Börsen-Zeitung: Monetäre Prävention geboten - Geldüberschuss erzeugt künftigen Inflationsdruck. Das Image der EZB als strenger Geldwerthüterin hat gelitten.

Kommentar zur EZB-Geldpolitik von Christian Burckhardt
Frankfurt, 29.11.2004 (ots) - Großer Zustimmung erfreut sich die Geldpolitik der Europäischen Zentralbank (EZB). Denn ihr Rat hält den Leitzins seit Juni 2003 auf dem historischen Tief von 2% und deutet vorerst – nach dem September- Intermezzo vorsichtiger Zinserhöhungssignale – keine Abkehr vom expansiven Kurs an. Beifall spenden Ökonomen und Politiker, die meinen, die EZB müsse mehr im Dienste der Konjunktur als der Preisstabilität – ihrem Kernmandat – agieren. Ginge es nach ihnen, sollte sie nun noch eine Schippe drauflegen: die wachstumsdämpfende Euro-Aufwertung durch Devisenmarkteingriffe stoppen und den Zins weiter senken. Doch der Rat muss langsam um seine Glaubwürdigkeit bangen.

So verständlich das von Kurzfristorientierung bestimmte Interesse vieler Marktakteure und Politiker am billigen Geld ist, so bedenklich stimmt, wie gering die EZB die Inflationsgefahr auf mittlere bis lange Sicht trotz gegenteiliger Beteuerung de facto schätzt. Während die Notenbanken der USA (Fed) und anderer Länder die Wende in Richtung auf ein neutrales Niveau 2004 vollzogen, blieb die EZB auf expansivem Geradeaus-Kurs.

Die Folgen sind: Der Realzins liegt bei null oder weniger – weit unter dem realen Wachstum von fast 2%, und der Geldangebotsüberschuss steigt wie Europas Butterberg in den achtziger Jahren. Obwohl der EZB-Rat die These vertritt, dass Inflation langfristig ein monetäres Phänomen ist, also vom Geldangebot bestimmt wird, duldet er ungeachtet der eigenen Warnungen das seit Mitte 2001 zu hohe Geldmengenwachstum. Erst galt es als wenig brisant, weil von Portfolioumschichtungen getrieben und weil die Konjunktur mau war. Nun soll die Konjunktur nicht kräftig genug sein, um einschreiten zu können.

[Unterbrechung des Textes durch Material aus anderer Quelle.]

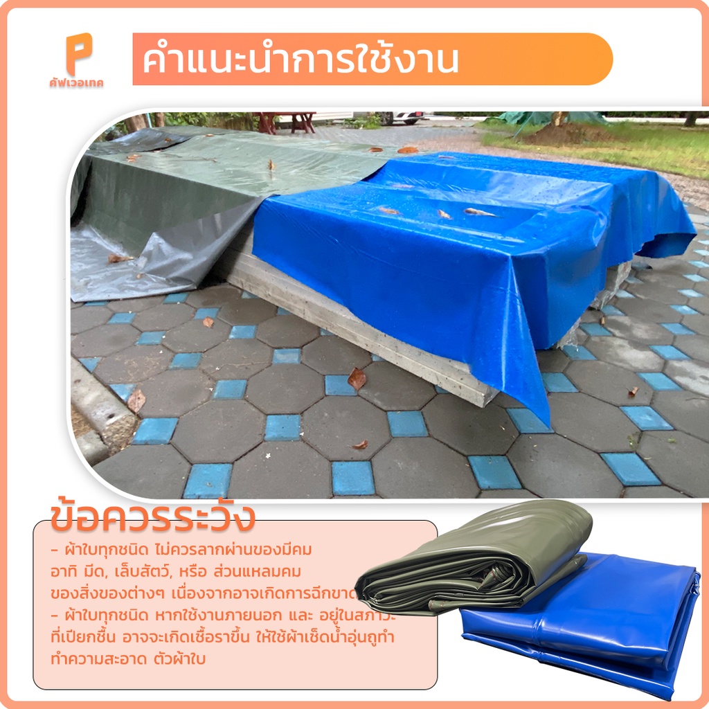ผ้าใบกั นแดดกันฝนPVC ชีท รุ่น Standard ตาไก่ทุกเมตร ผ้าใบคลุมของ คลุมสินค้า Covertech

Güte Gründe für eine Zinsanhebung
Eine Zinsanhebung auf 2,50% ist unpopulär, aber es gibt dafür gute Argumente:

(1) Der Geldüberschuss erzeugt künftigen Inflationsdruck bei den Verbraucher- und/oder Vermögenspreisen. In letzterem Fall droht eine spekulative Preisblase, deren Platzen eine Finanzmarkt- und Konjunkturkrise auslösen kann.

(2) Je länger die Phase des Niedrigzinses, der einer Subvention ähnelt, dauert, desto schwerer fällt der Wirtschaft die Anpassung an höhere Zinsen.

(3) Die Geldpolitik wirkt mit etwa zwei Jahren Verzögerung, das verlangt frühes Handeln.

(4) Eine Zinskorrektur würgt nicht den Aufschwung ab.

(5) Das Image der EZB als strenger Geldwerthüterin hat gelitten. Ihren Warnungen vor monetären Risiken müssen Taten folgen. Geboten ist ein Kurs der dosierten Prävention wie jener der Fed im Sinne einer weitsichtigen Geld- und Finanzstabilitätspolitik. Wehret den Anfängen ist ein Prinzip, das gerade die unabhängige Geldpolitik beherzigen sollte.